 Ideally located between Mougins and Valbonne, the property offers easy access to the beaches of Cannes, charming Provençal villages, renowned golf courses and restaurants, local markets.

--

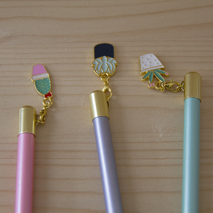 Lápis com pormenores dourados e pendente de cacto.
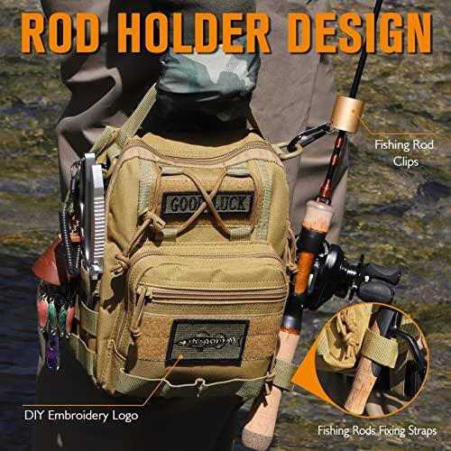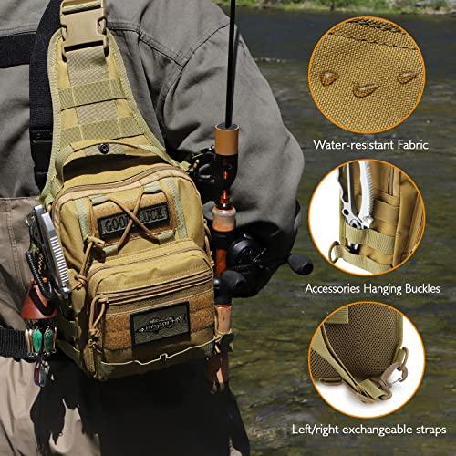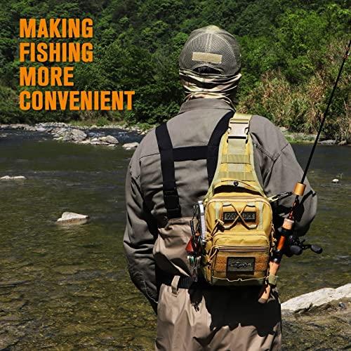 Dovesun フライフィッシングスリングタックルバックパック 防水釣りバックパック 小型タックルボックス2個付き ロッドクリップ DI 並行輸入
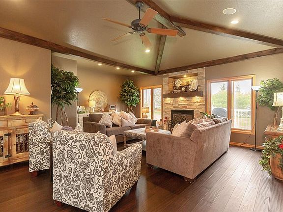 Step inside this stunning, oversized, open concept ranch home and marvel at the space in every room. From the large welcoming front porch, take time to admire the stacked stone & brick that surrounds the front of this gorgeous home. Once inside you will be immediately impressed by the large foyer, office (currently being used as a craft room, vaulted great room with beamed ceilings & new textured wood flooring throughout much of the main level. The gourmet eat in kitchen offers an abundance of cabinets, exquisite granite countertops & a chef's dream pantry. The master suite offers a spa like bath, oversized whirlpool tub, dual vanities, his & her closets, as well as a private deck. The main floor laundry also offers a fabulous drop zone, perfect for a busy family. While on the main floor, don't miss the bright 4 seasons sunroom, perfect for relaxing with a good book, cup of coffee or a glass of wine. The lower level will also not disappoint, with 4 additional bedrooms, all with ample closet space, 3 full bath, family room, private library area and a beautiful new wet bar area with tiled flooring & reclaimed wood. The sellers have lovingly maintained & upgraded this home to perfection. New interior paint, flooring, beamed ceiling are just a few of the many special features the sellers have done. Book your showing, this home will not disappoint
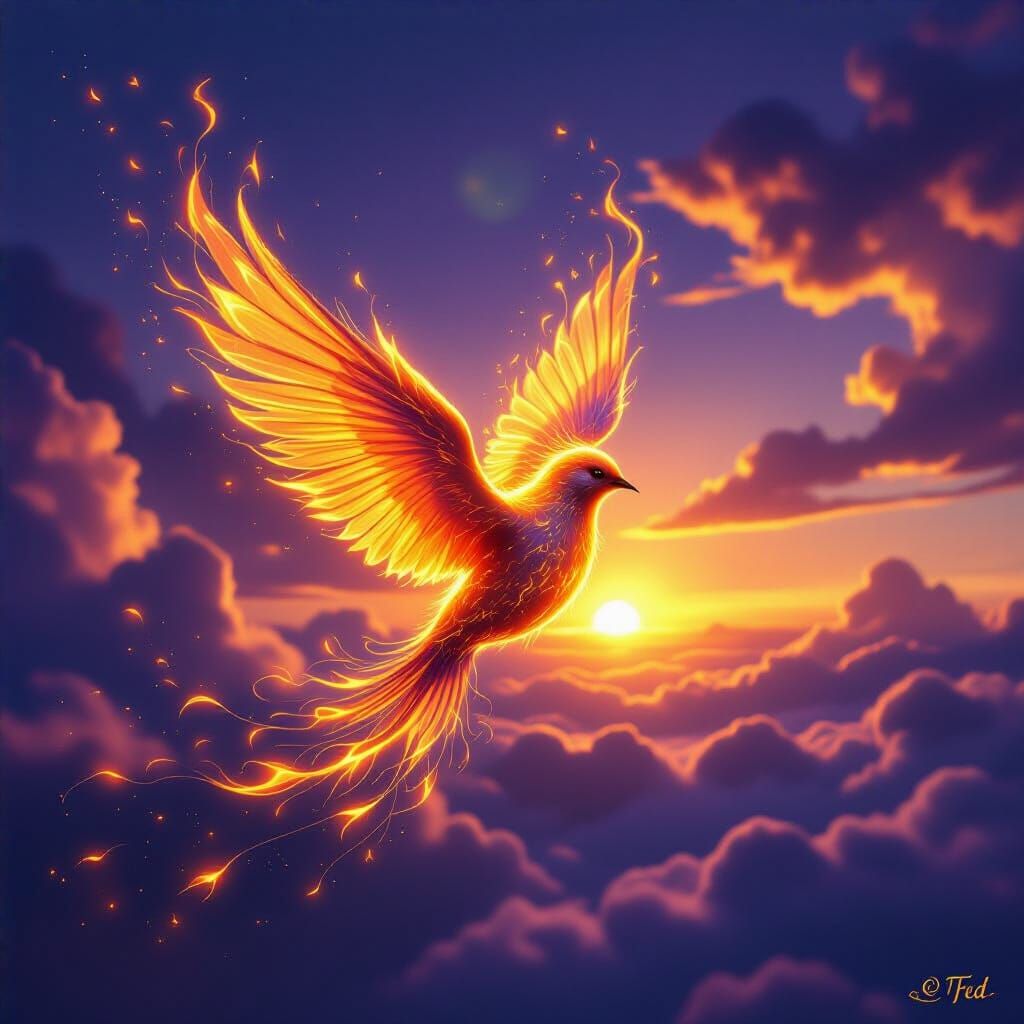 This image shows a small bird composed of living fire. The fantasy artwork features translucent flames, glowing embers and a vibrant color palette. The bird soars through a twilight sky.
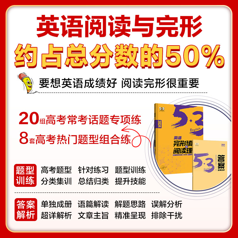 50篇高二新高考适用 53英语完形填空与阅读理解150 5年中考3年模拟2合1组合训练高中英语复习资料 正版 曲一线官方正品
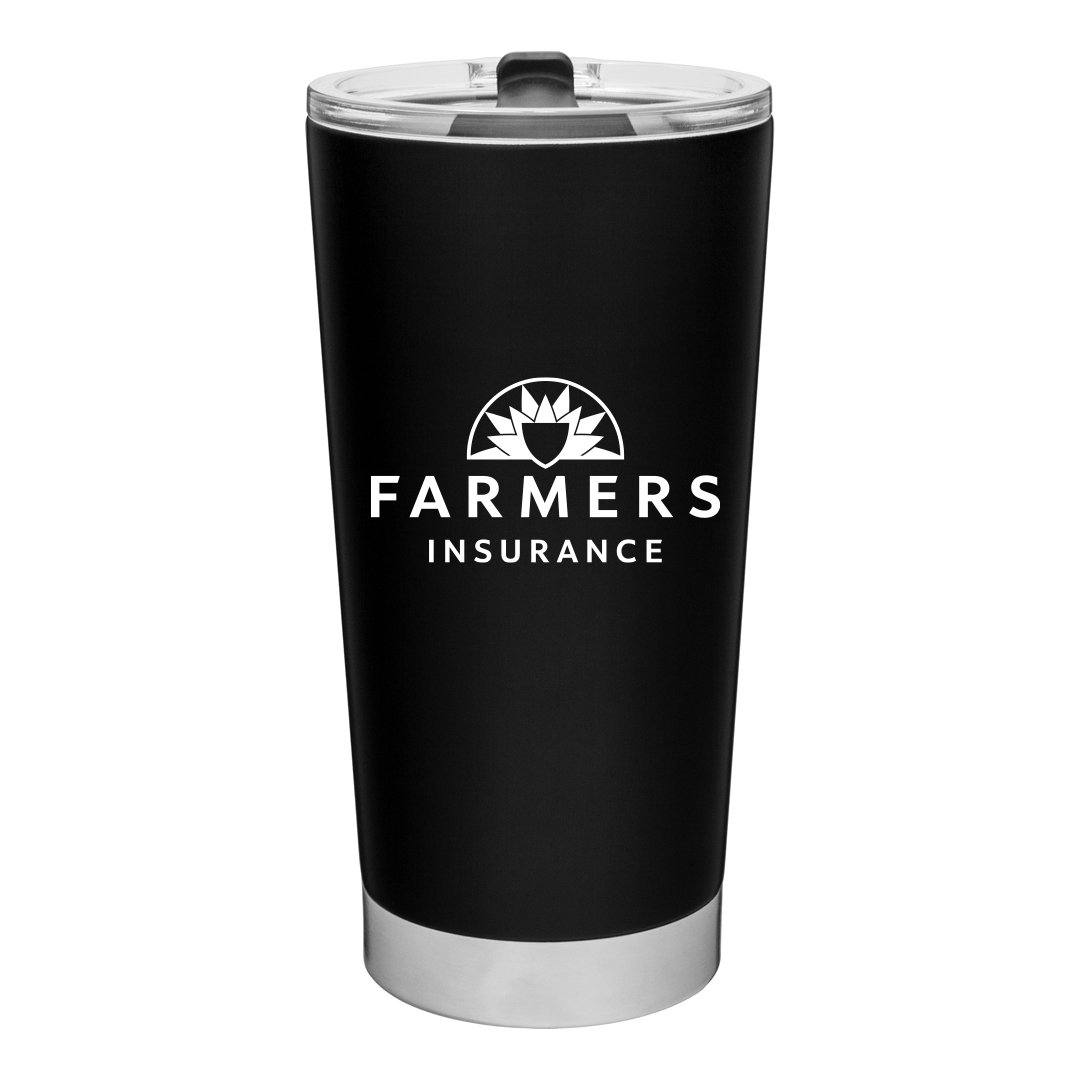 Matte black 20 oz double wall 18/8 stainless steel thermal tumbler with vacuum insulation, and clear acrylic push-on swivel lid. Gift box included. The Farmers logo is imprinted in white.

--

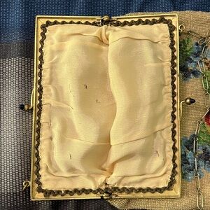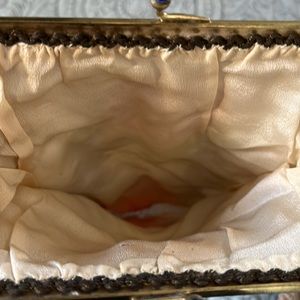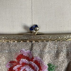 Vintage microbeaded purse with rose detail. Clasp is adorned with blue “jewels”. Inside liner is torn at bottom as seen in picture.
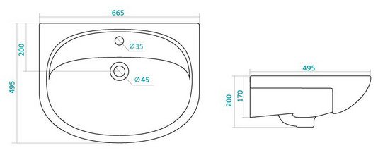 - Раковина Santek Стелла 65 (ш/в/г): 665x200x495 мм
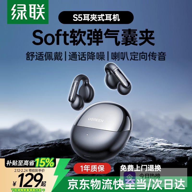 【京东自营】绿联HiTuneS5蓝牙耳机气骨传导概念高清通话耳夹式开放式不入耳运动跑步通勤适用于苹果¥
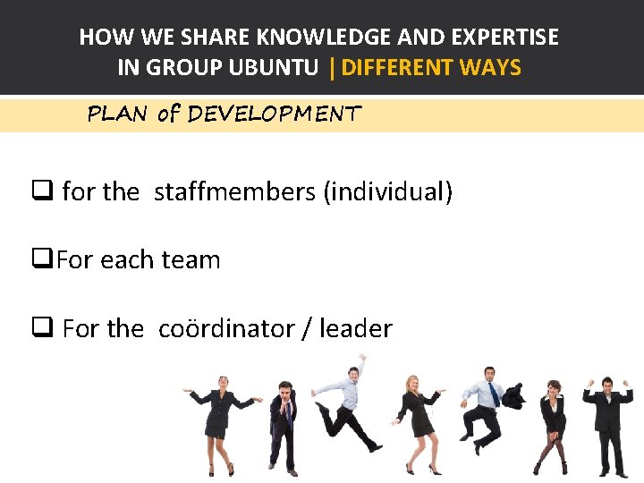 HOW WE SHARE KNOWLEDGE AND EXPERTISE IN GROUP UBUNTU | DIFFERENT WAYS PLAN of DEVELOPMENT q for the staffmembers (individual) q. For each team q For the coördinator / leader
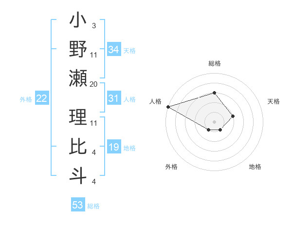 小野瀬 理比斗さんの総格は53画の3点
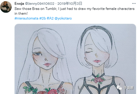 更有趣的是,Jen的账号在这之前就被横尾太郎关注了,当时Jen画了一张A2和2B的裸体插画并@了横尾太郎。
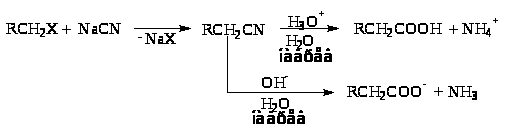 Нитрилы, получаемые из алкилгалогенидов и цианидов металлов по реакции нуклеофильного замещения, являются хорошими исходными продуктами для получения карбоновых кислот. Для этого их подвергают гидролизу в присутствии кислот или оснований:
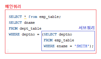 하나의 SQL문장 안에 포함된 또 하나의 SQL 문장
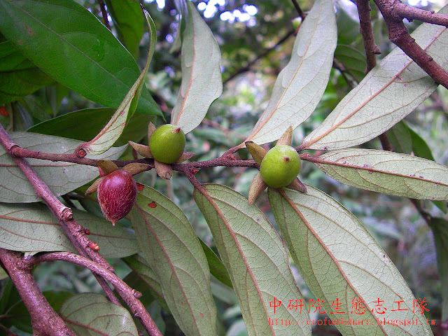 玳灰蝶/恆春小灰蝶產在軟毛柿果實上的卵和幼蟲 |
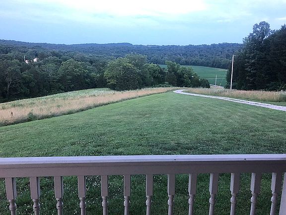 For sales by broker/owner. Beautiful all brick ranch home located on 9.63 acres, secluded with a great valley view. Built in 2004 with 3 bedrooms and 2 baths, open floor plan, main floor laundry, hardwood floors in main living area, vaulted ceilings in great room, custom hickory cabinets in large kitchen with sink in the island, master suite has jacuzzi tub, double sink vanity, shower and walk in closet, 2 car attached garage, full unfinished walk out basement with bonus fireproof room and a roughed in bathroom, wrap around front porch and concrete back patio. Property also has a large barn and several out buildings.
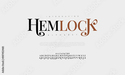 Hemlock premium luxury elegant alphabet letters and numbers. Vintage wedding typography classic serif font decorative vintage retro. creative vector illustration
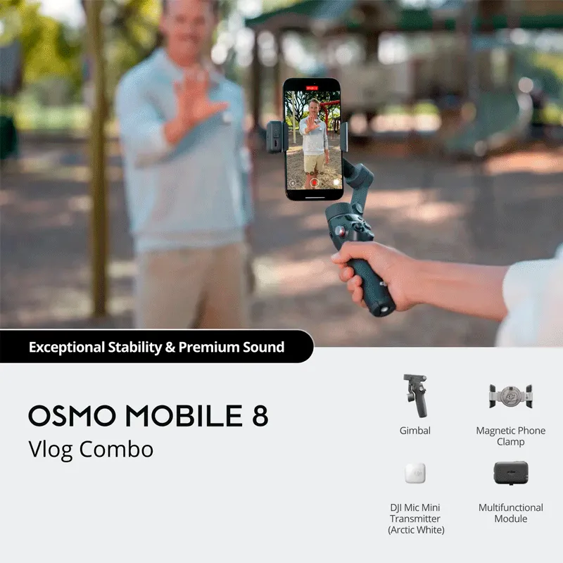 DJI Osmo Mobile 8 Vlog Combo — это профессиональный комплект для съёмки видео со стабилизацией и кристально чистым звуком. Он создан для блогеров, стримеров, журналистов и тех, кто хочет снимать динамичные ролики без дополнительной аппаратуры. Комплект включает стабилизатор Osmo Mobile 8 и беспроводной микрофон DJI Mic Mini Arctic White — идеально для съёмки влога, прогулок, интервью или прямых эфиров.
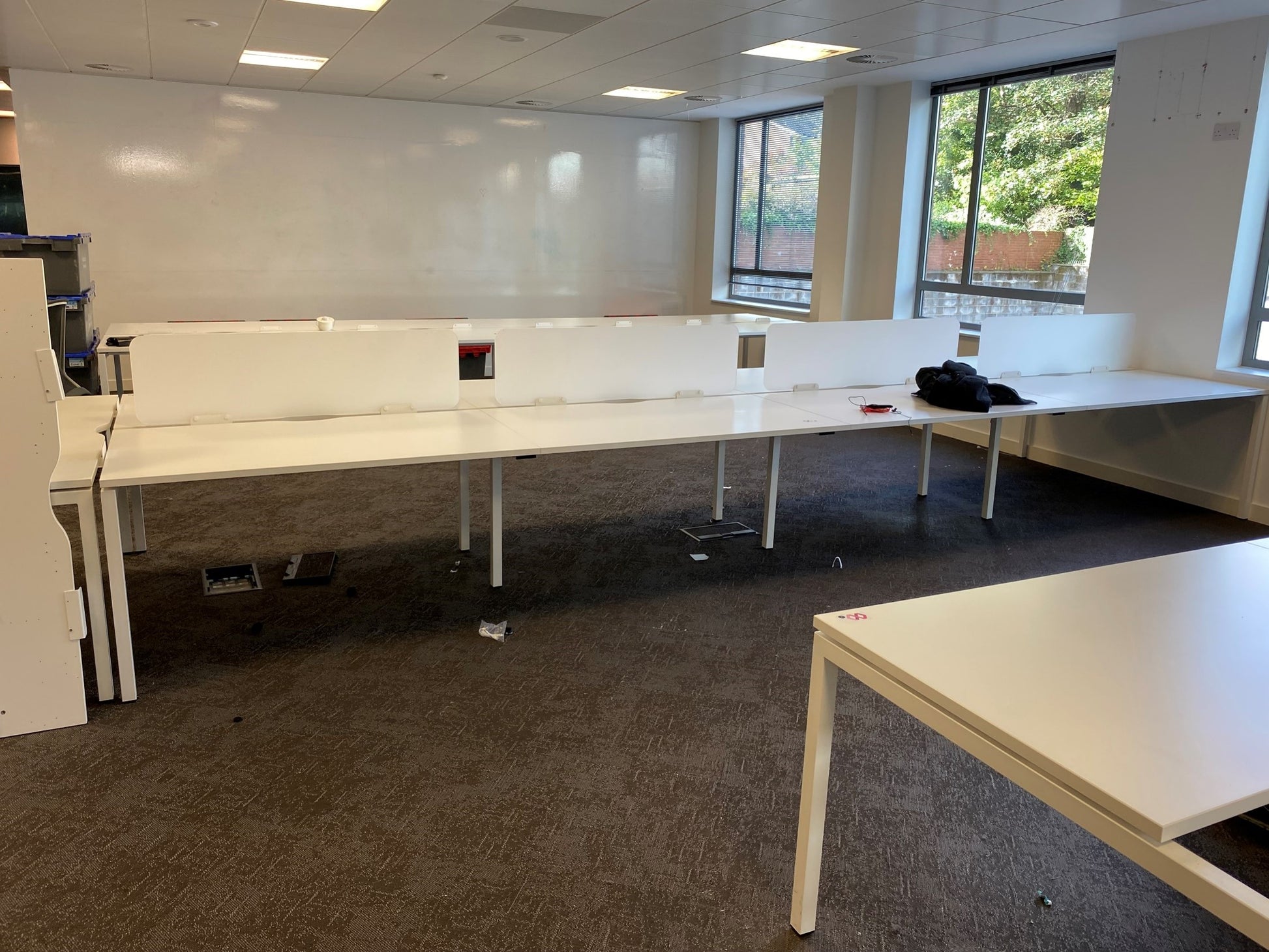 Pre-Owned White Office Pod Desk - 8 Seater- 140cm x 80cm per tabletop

- **Directions**: Beginning with the line that contains "DJI Osmo Mobile" and ending with the line that contains "Pre-Owned White Office", reproduce the listing exactly, pictures excluded.

- **Output for this exercise**:
 DJI Osmo Mobile 8 Vlog Combo — это профессиональный комплект для съёмки видео со стабилизацией и кристально чистым звуком. Он создан для блогеров, стримеров, журналистов и тех, кто хочет снимать динамичные ролики без дополнительной аппаратуры. Комплект включает стабилизатор Osmo Mobile 8 и беспроводной микрофон DJI Mic Mini Arctic White — идеально для съёмки влога, прогулок, интервью или прямых эфиров.
 Pre-Owned White Office Pod Desk - 8 Seater- 140cm x 80cm per tabletop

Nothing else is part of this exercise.